WHAT THE TASK ASKS: Retype all of the data word for word, without pictures.

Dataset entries
# # # # # # #
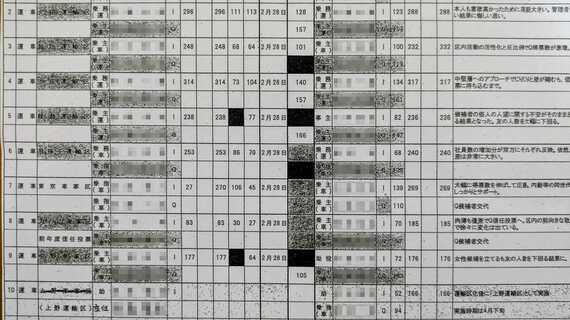 著者の手元に複数の一覧表がある。前回報じた、2018年から毎年、JR東日本の各職場で行われている「過半数代表選挙」の結果を取りまとめた、いわゆる“星取表”である。
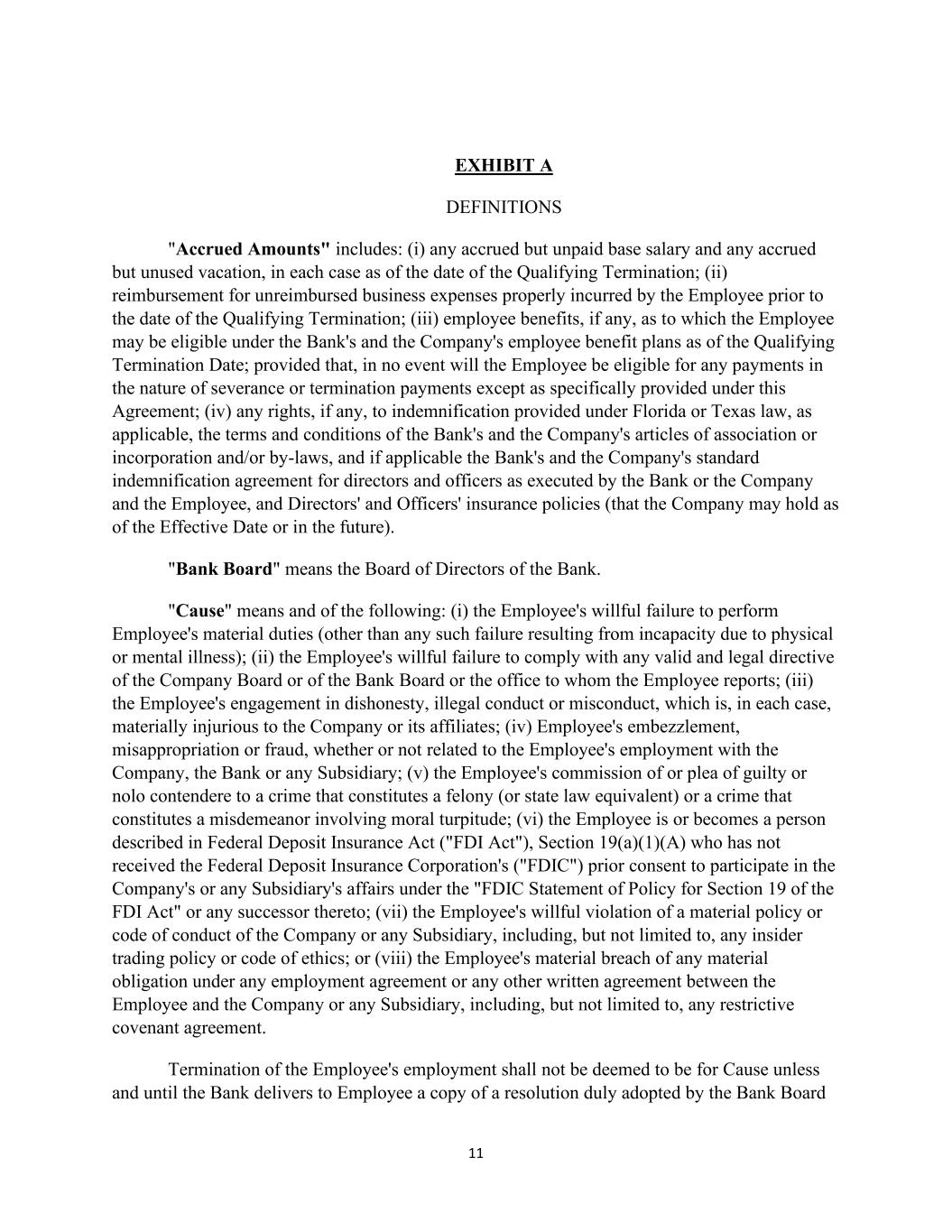 11 EXHIBIT A DEFINITIONS "Accrued Amounts" includes: (i) any accrued but unpaid base salary and any accrued but unused vacation, in each case as of the date of the Qualifying Termination; (ii) reimbursement for unreimbursed business expenses properly incurred by the Employee prior to the date of the Qualifying Termination; (iii) employee benefits, if any, as to which the Employee may be eligible under the Bank's and the Company's employee benefit plans as of the Qualifying Termination Date; provided that, in no event will the Employee be eligible for any payments in the nature of severance or termination payments except as specifically provided under this Agreement; (iv) any rights, if any, to indemnification provided under Florida or Texas law, as applicable, the terms and conditions of the Bank's and the Company's articles of association or incorporation and/or by-laws, and if applicable the Bank's and the Company's standard indemnification agreement for directors and officers as executed by the Bank or the Company and the Employee, and Directors' and Officers' insurance policies (that the Company may hold as of the Effective Date or in the future). "Bank Board" means the Board of Directors of the Bank. "Cause" means and of the following: (i) the Employee's willful failure to perform Employee's material duties (other than any such failure resulting from incapacity due to physical or mental illness); (ii) the Employee's willful failure to comply with any valid and legal directive of the Company Board or of the Bank Board or the office to whom the Employee reports; (iii) the Employee's engagement in dishonesty, illegal conduct or misconduct, which is, in each case, materially injurious to the Company or its affiliates; (iv) Employee's embezzlement, misappropriation or fraud, whether or not related to the Employee's employment with the Company, the Bank or any Subsidiary; (v) the Employee's commission of or plea of guilty or nolo contendere to a crime that constitutes a felony (or state law equivalent) or a crime that constitutes a misdemeanor involving moral turpitude; (vi) the Employee is or becomes a person described in Federal Deposit Insurance Act ("FDI Act"), Section 19(a)(1)(A) who has not received the Federal Deposit Insurance Corporation's ("FDIC") prior consent to participate in the Company's or any Subsidiary's affairs under the "FDIC Statement of Policy for Section 19 of the FDI Act" or any successor thereto; (vii) the Employee's willful violation of a material policy or code of conduct of the Company or any Subsidiary, including, but not limited to, any insider trading policy or code of ethics; or (viii) the Employee's material breach of any material obligation under any employment agreement or any other written agreement between the Employee and the Company or any Subsidiary, including, but not limited to, any restrictive covenant agreement. Termination of the Employee's employment shall not be deemed to be for Cause unless and until the Bank delivers to Employee a copy of a resolution duly adopted by the Bank Board
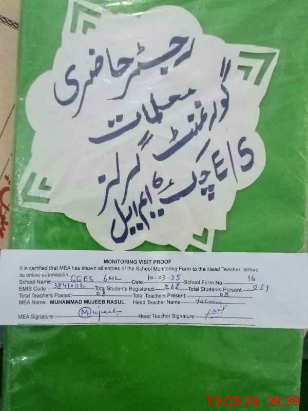 | EMIS Code: 38410112 | Name of School: GGES CHAK NO.6 ML | |||
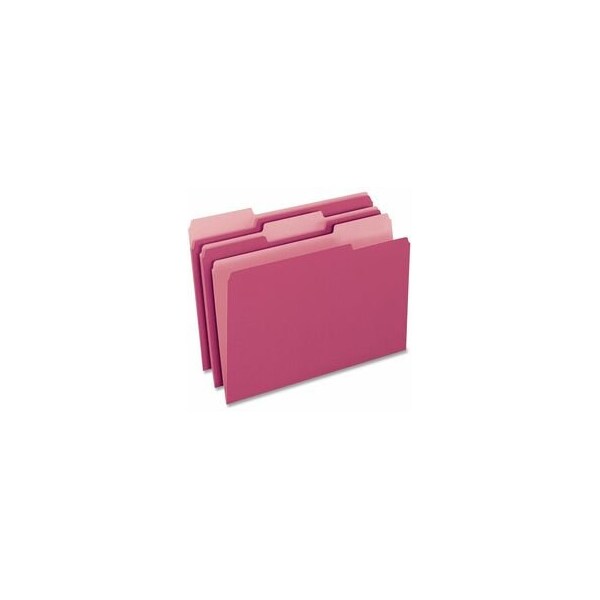 File Folders, Size Letter, 1/3 Tab Cut, Tab Position Assorted, Height 8 1/2 in, Width 11 in, Color Pink, Package Quantity 100
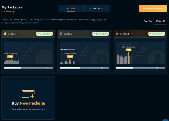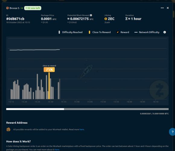The closest we got a reward with our 9 S-sized mining packages was 89% on a Bronze S package for mining ZCash (ZEC) and that one had 1:118 chance according to the data when purchasing the package, so pretty good, although a little disappointed that we were not lucky enough to hit a block and get a reward. Maybe will give it a couple more tries and you are welcome to try your own luck with a few mining packages and see if you can manage to score a block reward or not.
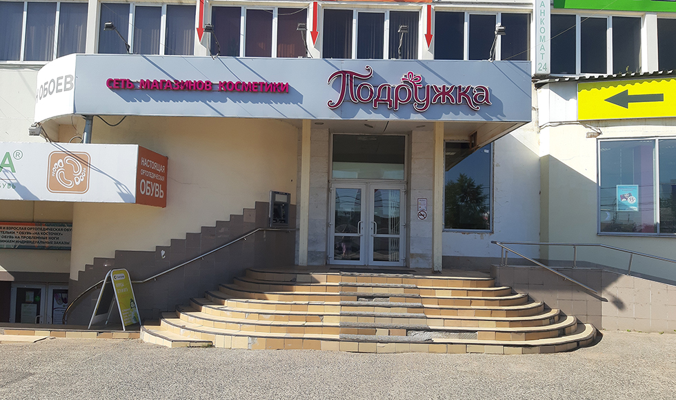 Казанский вокзал. Сесть в электропоезд, следующий до станции «Голутвин» и проследовать до конечной станции. Выйти из поезда и проследовать в сторону площади Восстания. Пересечь улицу Октябрьской революции. На противоположной стороне дороги находится здание ТЦ «Максимум». Магазин «Подружка» расположен в здании ТЦ «Максимум», рядом с ТЦ РИО.
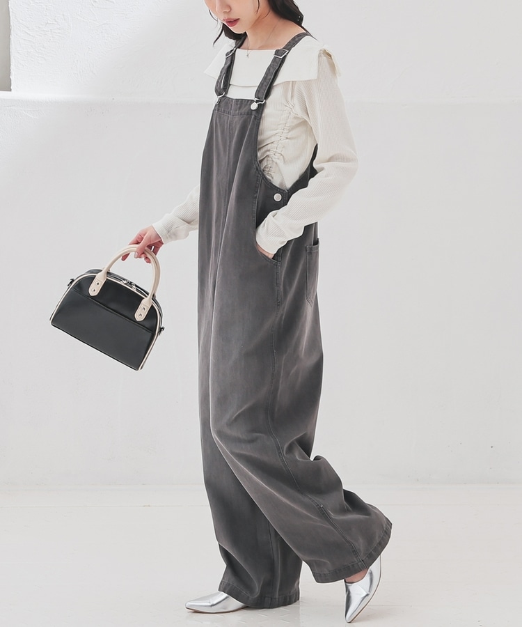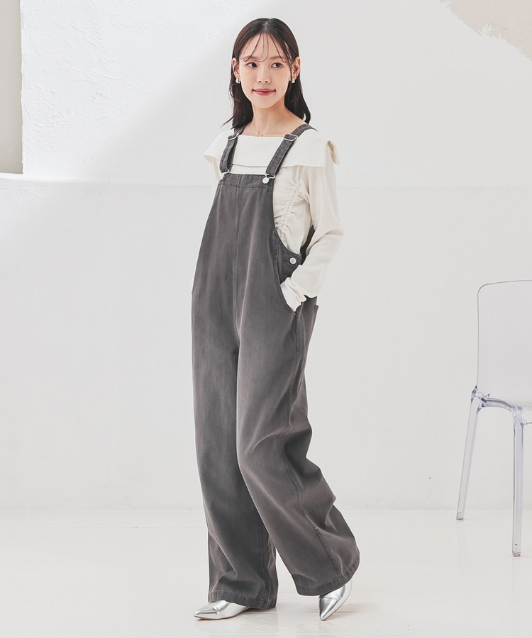 春夏はTシャツやブラウス、秋冬はスウェットやニットなど、インナー次第でテイストががらりと変わり、幅広い着回しに活躍。
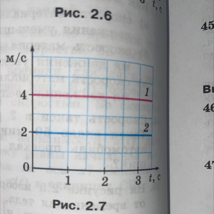 на рисунке 2.7 изображены графики зависимости проекции скорости на ось х от времени для двух велосипедистов движущийхся вдоль оси х. постройте графики зависимости пути от времени для этих велосипедистов
# # # # # # #
SOLUTION:
 著者の手元に複数の一覧表がある。前回報じた、2018年から毎年、JR東日本の各職場で行われている「過半数代表選挙」の結果を取りまとめた、いわゆる“星取表”である。
 11 EXHIBIT A DEFINITIONS "Accrued Amounts" includes: (i) any accrued but unpaid base salary and any accrued but unused vacation, in each case as of the date of the Qualifying Termination; (ii) reimbursement for unreimbursed business expenses properly incurred by the Employee prior to the date of the Qualifying Termination; (iii) employee benefits, if any, as to which the Employee may be eligible under the Bank's and the Company's employee benefit plans as of the Qualifying Termination Date; provided that, in no event will the Employee be eligible for any payments in the nature of severance or termination payments except as specifically provided under this Agreement; (iv) any rights, if any, to indemnification provided under Florida or Texas law, as applicable, the terms and conditions of the Bank's and the Company's articles of association or incorporation and/or by-laws, and if applicable the Bank's and the Company's standard indemnification agreement for directors and officers as executed by the Bank or the Company and the Employee, and Directors' and Officers' insurance policies (that the Company may hold as of the Effective Date or in the future). "Bank Board" means the Board of Directors of the Bank. "Cause" means and of the following: (i) the Employee's willful failure to perform Employee's material duties (other than any such failure resulting from incapacity due to physical or mental illness); (ii) the Employee's willful failure to comply with any valid and legal directive of the Company Board or of the Bank Board or the office to whom the Employee reports; (iii) the Employee's engagement in dishonesty, illegal conduct or misconduct, which is, in each case, materially injurious to the Company or its affiliates; (iv) Employee's embezzlement, misappropriation or fraud, whether or not related to the Employee's employment with the Company, the Bank or any Subsidiary; (v) the Employee's commission of or plea of guilty or nolo contendere to a crime that constitutes a felony (or state law equivalent) or a crime that constitutes a misdemeanor involving moral turpitude; (vi) the Employee is or becomes a person described in Federal Deposit Insurance Act ("FDI Act"), Section 19(a)(1)(A) who has not received the Federal Deposit Insurance Corporation's ("FDIC") prior consent to participate in the Company's or any Subsidiary's affairs under the "FDIC Statement of Policy for Section 19 of the FDI Act" or any successor thereto; (vii) the Employee's willful violation of a material policy or code of conduct of the Company or any Subsidiary, including, but not limited to, any insider trading policy or code of ethics; or (viii) the Employee's material breach of any material obligation under any employment agreement or any other written agreement between the Employee and the Company or any Subsidiary, including, but not limited to, any restrictive covenant agreement. Termination of the Employee's employment shall not be deemed to be for Cause unless and until the Bank delivers to Employee a copy of a resolution duly adopted by the Bank Board
 | EMIS Code: 38410112 | Name of School: GGES CHAK NO.6 ML | |||
 File Folders, Size Letter, 1/3 Tab Cut, Tab Position Assorted, Height 8 1/2 in, Width 11 in, Color Pink, Package Quantity 100
The closest we got a reward with our 9 S-sized mining packages was 89% on a Bronze S package for mining ZCash (ZEC) and that one had 1:118 chance according to the data when purchasing the package, so pretty good, although a little disappointed that we were not lucky enough to hit a block and get a reward. Maybe will give it a couple more tries and you are welcome to try your own luck with a few mining packages and see if you can manage to score a block reward or not.
 Казанский вокзал. Сесть в электропоезд, следующий до станции «Голутвин» и проследовать до конечной станции. Выйти из поезда и проследовать в сторону площади Восстания. Пересечь улицу Октябрьской революции. На противоположной стороне дороги находится здание ТЦ «Максимум». Магазин «Подружка» расположен в здании ТЦ «Максимум», рядом с ТЦ РИО.
 春夏はTシャツやブラウス、秋冬はスウェットやニットなど、インナー次第でテイストががらりと変わり、幅広い着回しに活躍。
 на рисунке 2.7 изображены графики зависимости проекции скорости на ось х от времени для двух велосипедистов движущийхся вдоль оси х. постройте графики зависимости пути от времени для этих велосипедистов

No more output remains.